Son zamanlarda hükümet yetkilileri, özel bankalara bozuk çalıyor. Bu bankaların yöneticilerini, alacağı ödüncü geri ödeyebileceğinden emin olmadıkları firmalara kredi açmadıkları için eleştiriyor. Hatta aba altından sopa gösteriyor. Bu, son derece hatalı ve ileride herkesi özellikle hükümeti zora sokacak bir tutumdur. Bu ülke, sorumsuz bankacılıktan çok çekti. Bankaların içi, sahiplerince boşaltıldı. Yıllar boyunca “Nasıl olsa sonunda külfeti devlete yıkarım” anlayışı yüzünden çok sayıda banka battı. 2001 krizinde kamu olanları dahil, ülkede batmamış banka kalmamıştı dense yanlış olmaz. Kemal Derviş’in başkanlığında çalışan uzmanlar kurulu “Güçlü Ekonomiye Geçiş” diye bir program hazırladı. Bu programın en önemli ayağı “banka sektörü reformu” idi. AKP iktidarının ekonomide bir başarısı varsa, bunun bir sebebi de banka kesiminin 2002’de reforme edilmiş olmasıdır. Bu reform sayesinde yabancı bankalar, Türkiye bankalarına sermayedar olarak milyarlarca dolar “doğrudan yatırım” yapmaktan çekinmediler. Unutulmasın: Bankacılık, sadece yerel değil uluslararası denetime de tabi bir iş koludur.

BANKA, MEVDUAT SAHİBİNE KARŞI SORUMLUDUR

Bir bankanın kredi olarak reel sektör firmalarına verebileceği toplam paranın %90’ı halkın tasarruf edip bankaya “emanet” ettiği paradır. Burasını biraz daha açayım. Banka bilançosunda yer alan binalar, sabit tesisler ile IT donanımı ve yazılımı öz kaynakla finanse edilir. Dolayısıyla banka sahiplerin bankaya sermaye olarak yatırdığı paranın çoğu krediye dönüşemez. Bankaların diğer bankalardan aldığı ödünçlerin kaynağı da o bankalara yatan mevduattır. Yani bunlar da son tahlilde yerli veya çoğu kez yabancı ülke halklarının tasarrufudur. Anlaşılacağı üzere bankalardaki paranın %90’ı halkın parasıdır. Banka yöneticileri de halkın kendilerine emanet ettiği “ciğeri kediye kaptırmamakla” yükümlüdür. Hükümetin esas ödevi, banka yöneticilerinin bu bilinçte davranıp davranmadıklarını denetlemektir. Bu süreçte “hem denetlenen hem de denetleyen” kurallara ne kadar uygun davranırsa, devletin (TMSF) yükü de o kadar az olur.

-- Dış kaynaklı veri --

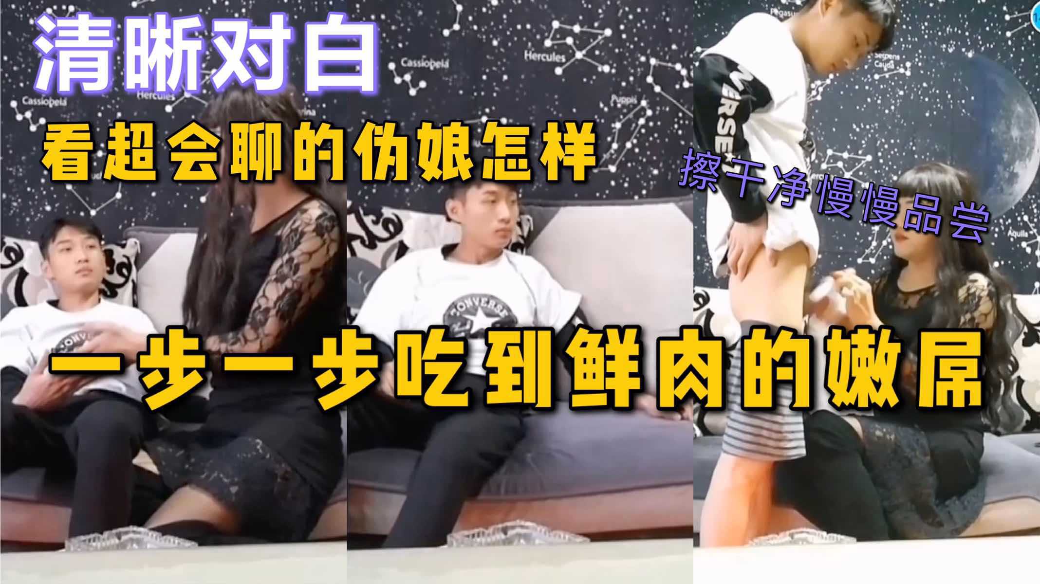 清晰对白,看超会聊天的伪娘是怎么一步一步吃到鲜肉学生的嫩屌,最后还被操了

KRİZLERDE FİRMA YÜZDÜRME YÖNTEMİ

Ulusal ekonomiler, bazen makro düzeyde (mesela 2008’de ABD’de olduğu gibi) sistemik krize girer. Ülke ekonomisi çöker, yüz binlerce kredi müşterisi aynı anda “acze düşer”. Bu gibi hallerde devlet adına “yasal para yaratma tekelini” elinde tutan merkez bankası devreye girer. Acze düşmüş firmaların çıkmış ve çıkacak tahvillerini veya imzalayacakları borç senetlerini, bankalar üzerinden satın alır. Karşılığında bankaya para verir; bankalar da bu paraları firmalara ödünç verir. İşler düzelince ters işlem yapılır. Tahvil veya borç senetleri firmaya, tedavüle çıkmış para da merkez bankasına geri döner. Fırtına atlatılmış, kimsenin burnu kanamamış olur.

Son söz: Sorumlu değil, sorumsuz davrananı azarla.